Ranganathan A, Timoney M, Bycroft M, Cortés J, Thomas I P, Wilkinson B, Kellenberger L, Hanefeld U, Galloway I S, Staunton J, Leadlay P F
Cambridge Centre for Molecular Recognition, Department of Biochemistry, University of Cambridge, Tennis Court Road, Cambridge, CB2 1GA, UK.
Chem Biol. 1999 Oct;6(10):731-41. doi: 10.1016/s1074-5521(00)80020-4.
Polyketides are structurally diverse natural products that have a range of medically useful activities. Nonaromatic bacterial polyketides are synthesised on modular polyketide synthase (PKS) multienzymes, in which each cycle of chain extension requires a different 'module' of enzymatic activities. Attempts to design and construct modular PKSs that synthesise specified novel polyketides provide a particularly stringent test of our understanding of PKS structure and function.

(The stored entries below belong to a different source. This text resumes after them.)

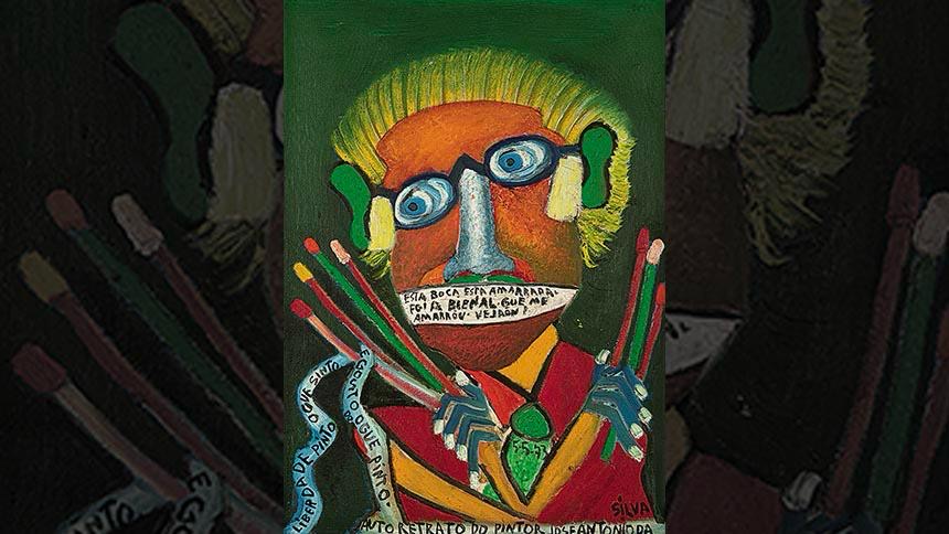 Em um autorretrato, José Antônio da Silva se pinta com os pincéis firmes nas mãos e, sobre a face, coloca uma espécie de mordaça onde escreve a acusação: “esta boca está amarrada, foi a Bienal que me amarrou. Vejam!”.
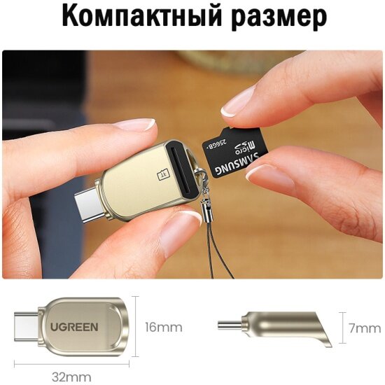 Кардридер UGREEN CM331 (80124) USB-C to TF Card Reader. Цвет: светло-золотой 1 999 ₽
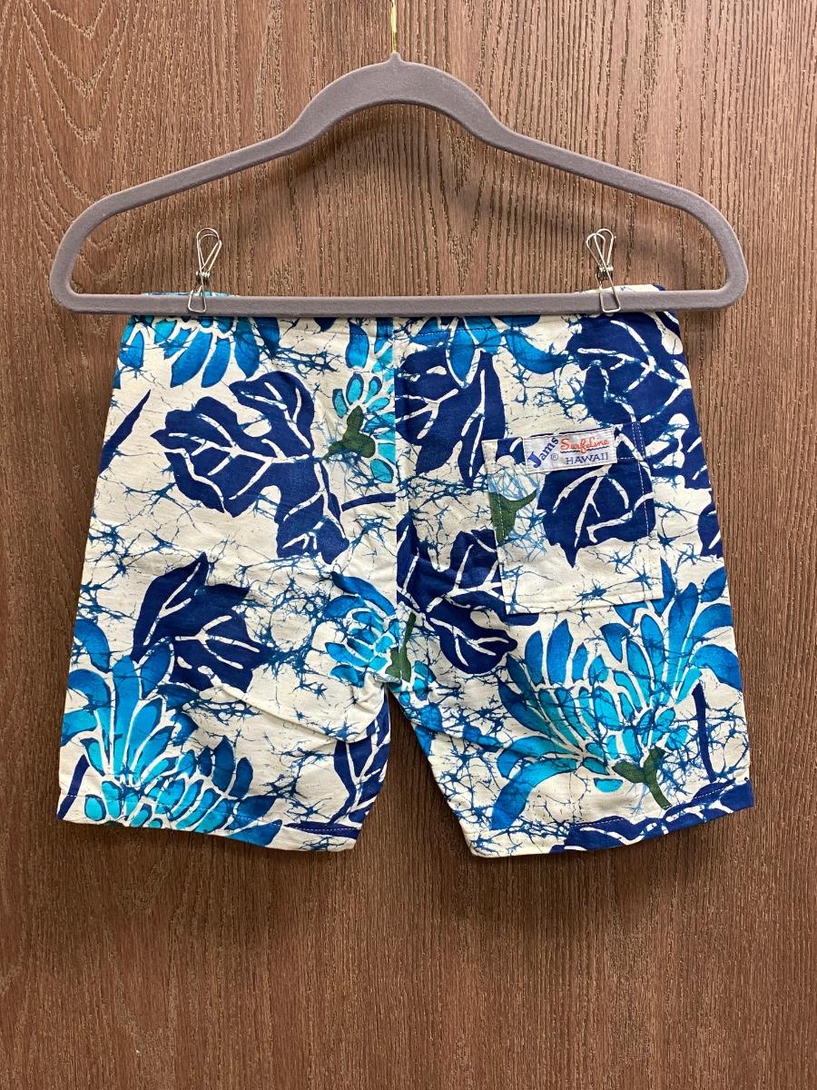 Retro Blue and White Tropical Surf Beach Shorts Swim Trunks Jams Surfline Hawaii
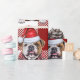 This is the perfect holiday gift wrap for the dog lover and bulldog mum, they are sure to wag with delight when you wrap their gift in this red and white plaid with an expressive bulldog who wears a winter sweater and Santa hat.
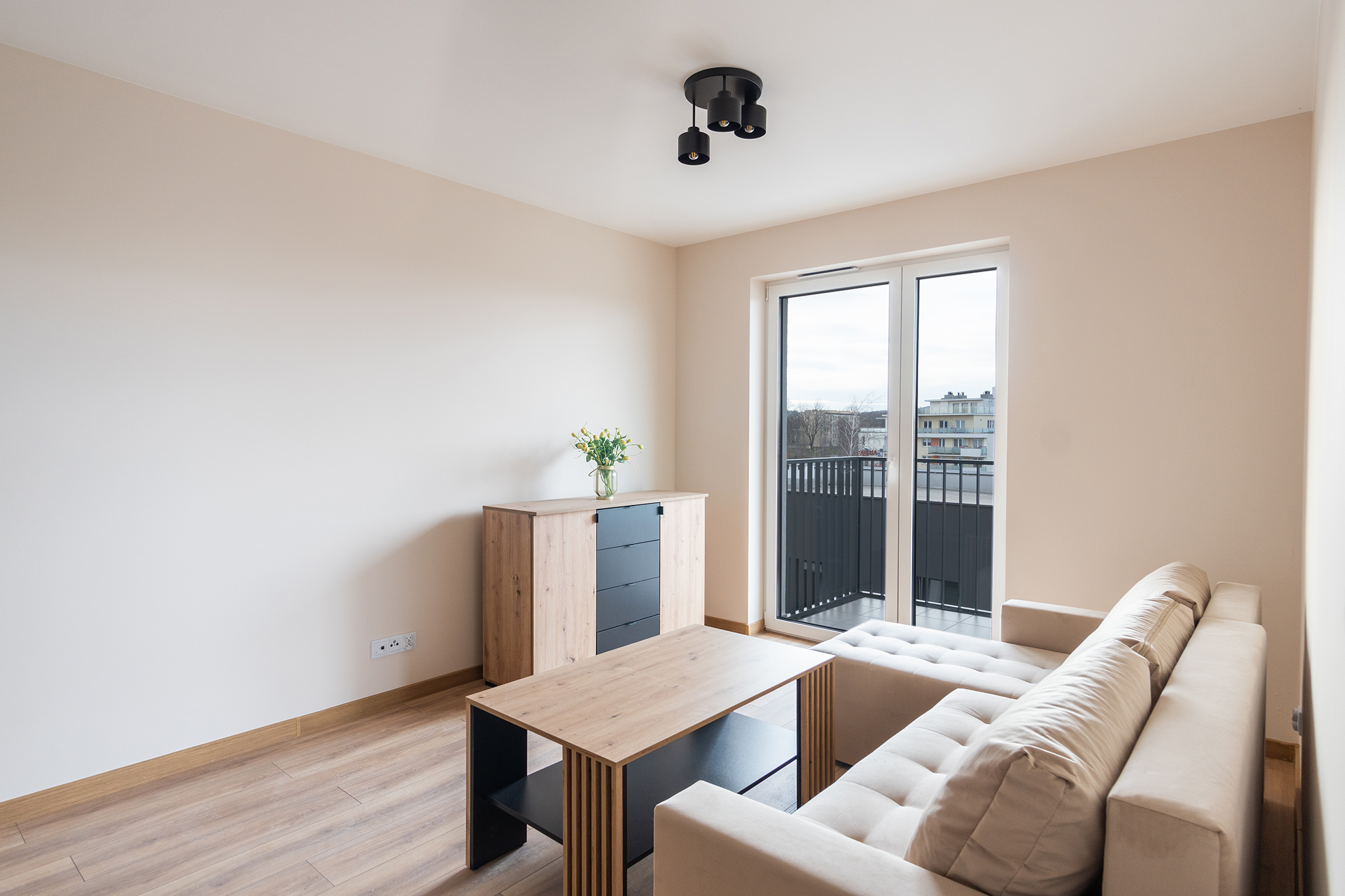 Mieszkanie w pełni umeblowane i wyposażone w najpotrzebniejsze sprzęty, położone na czwartym piętrze nowego budynku z 2024 r z dużymi balkonami na które można wyjść z salonu i sypialni.

We have constructed bimodular and trimodular PKSs based on DEBS1-TE, a derivative of the erythromycin PKS that contains only modules 1 and 2 and a thioesterase (TE), by substituting multiple domains with appropriate counterparts derived from the rapamycin PKS. Hybrid PKSs were obtained that synthesised the predicted target triketide lactones, which are simple analogues of cholesterol-lowering statins. In constructing intermodular fusions, whether between modules in the same or in different proteins, it was found advantageous to preserve intact the acyl carrier protein-ketosynthase (ACP-KS) didomain that spans the junction between successive modules.
Relatively simple considerations govern the construction of functional hybrid PKSs. Fusion sites should be chosen either in the surface-accessible linker regions between enzymatic domains, as previously revealed, or just inside the conserved margins of domains. The interaction of an ACP domain with the adjacent KS domain, whether on the same polyketide or not, is of particular importance, both through conservation of appropriate protein-protein interactions, and through optimising molecular recognition of the altered polyketide chain in the key transfer of the acyl chain from the ACP of one module to the KS of the downstream module.
聚酮化合物是结构多样的天然产物,具有一系列医学上有用的活性。非芳香族细菌聚酮化合物是在模块化聚酮合酶(PKS)多酶上合成的,其中每个链延伸循环都需要不同的酶活性“模块”。尝试设计和构建合成特定新型聚酮化合物的模块化PKS,对我们对PKS结构和功能的理解提供了特别严格的测试。
我们基于DEBS1-TE构建了双模块和三模块PKS,DEBS1-TE是红霉素PKS的衍生物,仅包含模块1和2以及硫酯酶(TE),通过用源自雷帕霉素PKS的合适对应物替换多个结构域。获得了合成预测目标三酮内酯的杂合PKS,三酮内酯是降胆固醇他汀类药物的简单类似物。在构建模块间融合时,无论是在同一蛋白质还是不同蛋白质中的模块之间,发现保留跨越连续模块之间连接点的完整酰基载体蛋白-酮合成酶(ACP-KS)双结构域是有利的。
相对简单的考虑因素决定了功能性杂合PKS的构建。融合位点应选择在酶结构域之间表面可及的连接区域,如先前所示,或就在结构域保守边缘的内侧。ACP结构域与相邻KS结构域的相互作用,无论是否在同一聚酮化合物上,都特别重要,这既通过保留适当的蛋白质-蛋白质相互作用,也通过优化酰基链从一个模块的ACP到下游模块的KS的关键转移中改变的聚酮化合物链的分子识别。